How does distance affect potential in an electric field?

[anmolnanda]

in which case potential is distance times the electric field..please explain so that i am cleared the the basics of this.

 

[silmaril89]

The potential is not the distance times the electric field. You probably think that based on the fact that distance times the electric field will give you the same dimensions as a potential. Also, you must be careful to say that this is an electrostatic potential, because the electric potential differs from the electrostatic potential. I'm going to assume you want to know how the electrostatic potential is related to the electric field. That is very simple,

<br /> \vec{E} = - \vec{\nabla}V<br />

 

[Doc Al]

in which case potential is distance times the electric field..please explain so that i am cleared the the basics of this.

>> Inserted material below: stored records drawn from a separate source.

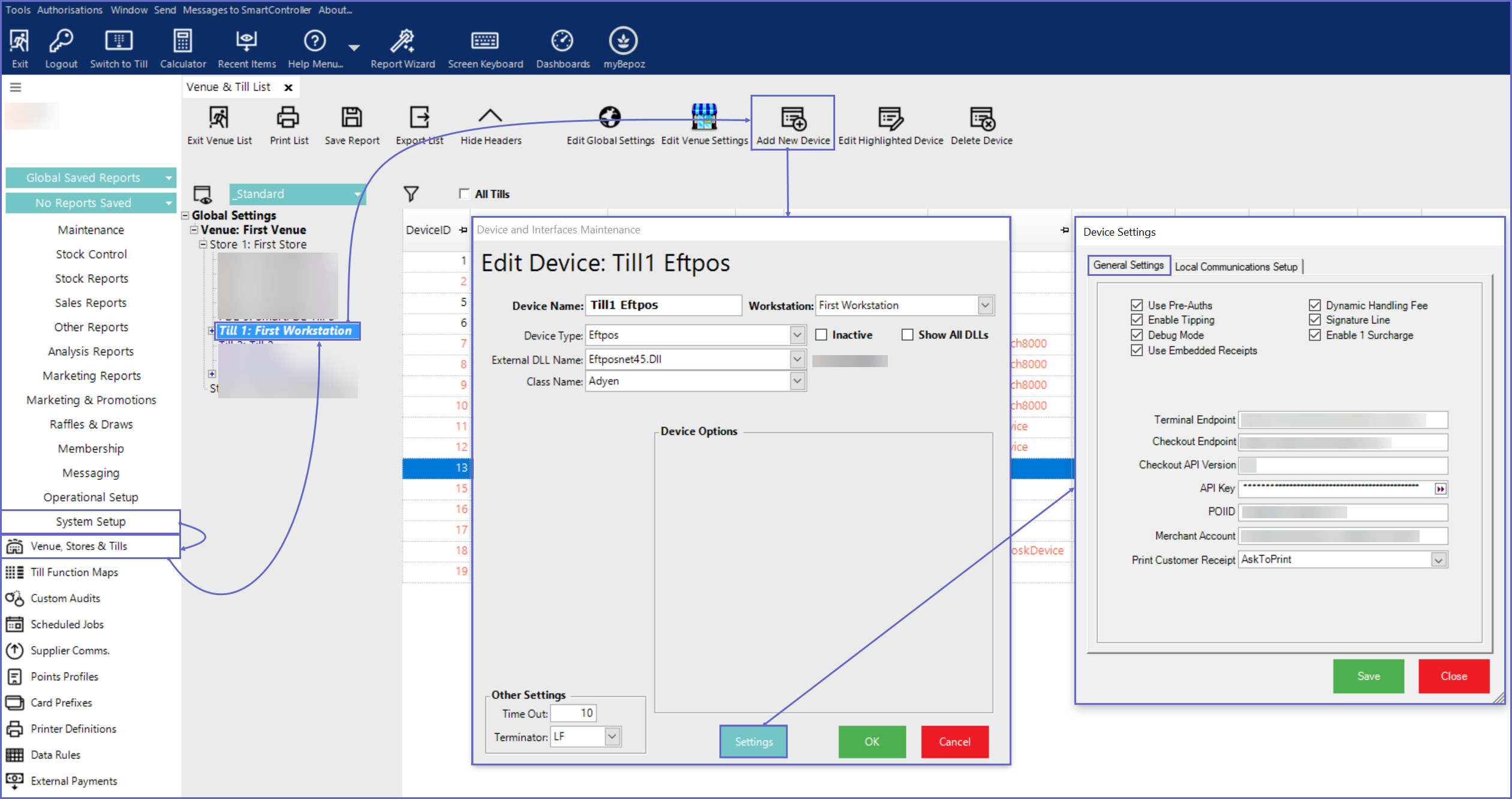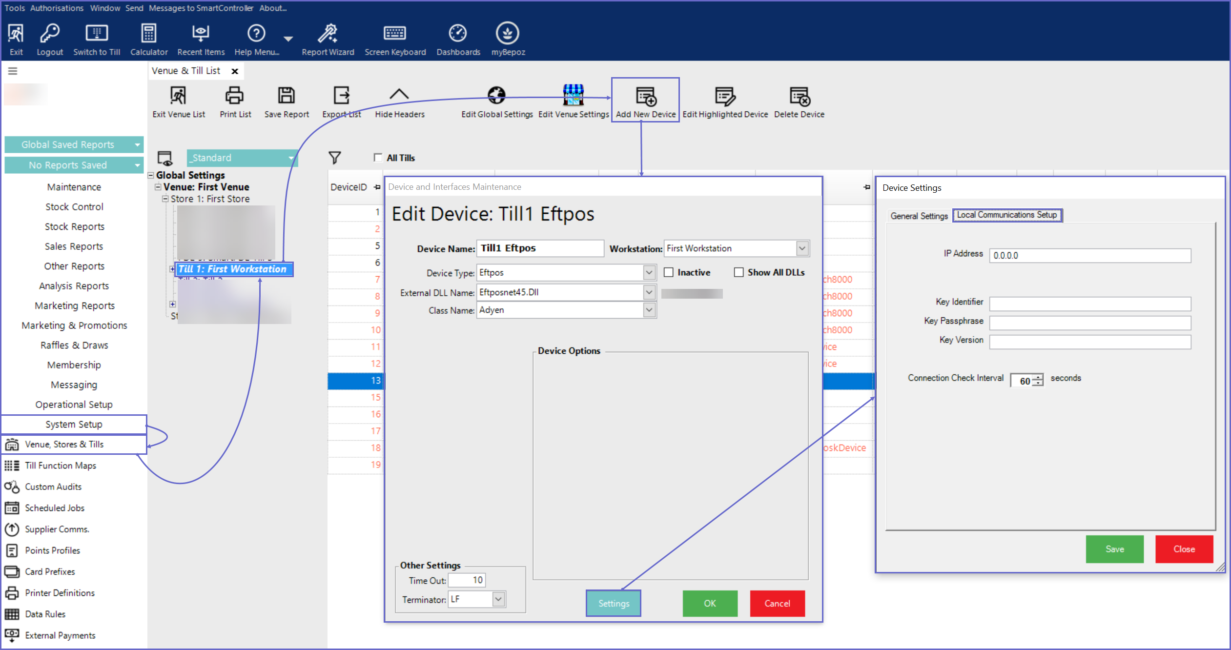 - Select the desired Till within the desired Store within the desired Venue where the Adyen EFTPOS device will be connected to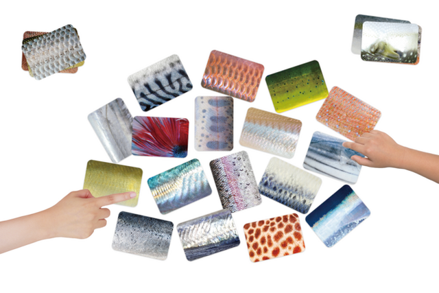 本商品は、魚のキラキラ感やウロコの凹凸感を特殊な印刷技術で再現したかるたで、見て楽しむのはもちろんの事、目を閉じて触ったり、水に浮かべて遊ぶことも可能です。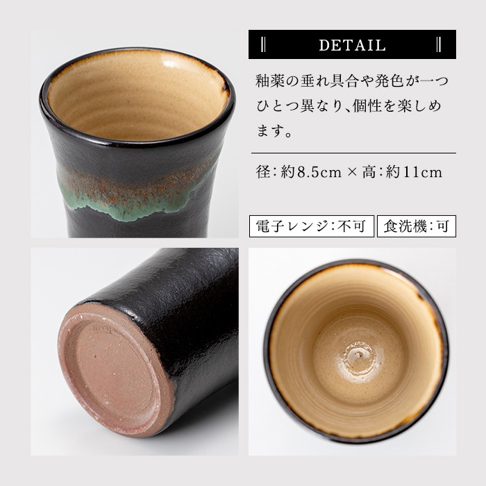 a290 姶良市の伝統工芸品「龍門司焼」ビアカップ(黒釉青流し) 【龍門司焼企業組合】 姶良市 陶器 食器 コップ カップ タンブラー 酒器 シンプル おしゃれ

For simple cases, where the field is constant, you can find the potential difference by multiplying the field times the distance:

ΔV = -Ed

Read this: http://hyperphysics.phy-astr.gsu.edu/hbase/electric/elewor.html#c2"

 

[Nirgal]

<br /> \vec{E} = \vec{\nabla}V<br />

Correction: \vec{E} = -\vec{\nabla}V. Anyways, I'm sure you knew that.

anmolnanda it's important to understand the physical significance and the mathematical description of the electrostatic field vs the electrostatic potential field.

The Equation above says that the Electric Field is just the negative gradient of the electrostatic potential field. This means that the E field provides a description of how the Potential field changes in space. In particular, since the E Field is a gradient of the Potential then it points in the direction of maximum change (up hill or down hill) of the potential. Since the E field is actually the negative gradient then the E field points in the direction of maximum change down hill (towards the minimum of the potential).

(I'm just going to say E field and potential for now on knowing that I am referring to the electrostatic electric and potential fields).

You might ask why does the E field point down hill? Well the Potential field of a charge q is given by

V = kq/r where k is a constant, q is the charge and r is the radial distance from the charge. So V = V(r), that is, the potential is a function of position and there for defines a scalar field in space. So since it defines a scalar field in space and since it depends on the polarity of the charge (positive or negative) then there will be regions in space that have very negative potentials and regions with very positive potentials. So, if we draw lines pointing from the positive potential regions to the lower potential regions in such a way that the path of the lines are along the maximum change in potential, then you would have drawn the electric field lines from the positive charges to the negative charges (since the electric field is the change in the potential and so points along these lines).

So if you wanted to know what the so called "Voltage", or difference in Potential was between two different regions in space then you might need to know what the Potential field looked like. Say the potential field is given by V(r) and say that the points that we are interested in are V(A) and V(B) where A is a point of positive potential and B is a point of negative potential.

Then we could find out the difference in the potential between these two regions by writing down

V(A) - V(B) = Sum of the change in the potential in a tiny interval along the line of maximum change multiplied by the length of the tiny interval.

Now mathematically since we're talking about tiny intervals that brings us to differential calculus and since we're talking about summing up an enormous number of tiny intervals then that reminds us of integrals.

So

V(A) - V(B) = \int (Change in Potential)*(small-change-in-distance)

Ok but we said that the negative change in the Potential was the Electric field, let's call it E(r), and let's call the small change in distance dr. Then what we have is this:

V(A) - V(B) = \int -E(r)*dr

So \DeltaV = \int -E(r)*dr, where \DeltaV = V(A) - V(B).

Now consider that the Potential field changes in space in such a way that the Electric field is constant along lines of maxmimum change between two regions. In that case we can move the Electric Field outside the integral in the equation above and replace it with this,

\DeltaV = -E(r)\int dr = -Ed, where d = \int dr = distance between points A and B.

Therefore the difference in potential is just the product of the magnitude of the electric field multiplied by the distance between the two points multiplied by negative 1 to be consistent with signs.

Hope that helps.

 

[silmaril89]

Quite descriptive Nirgal, my bad on missing the minus sign.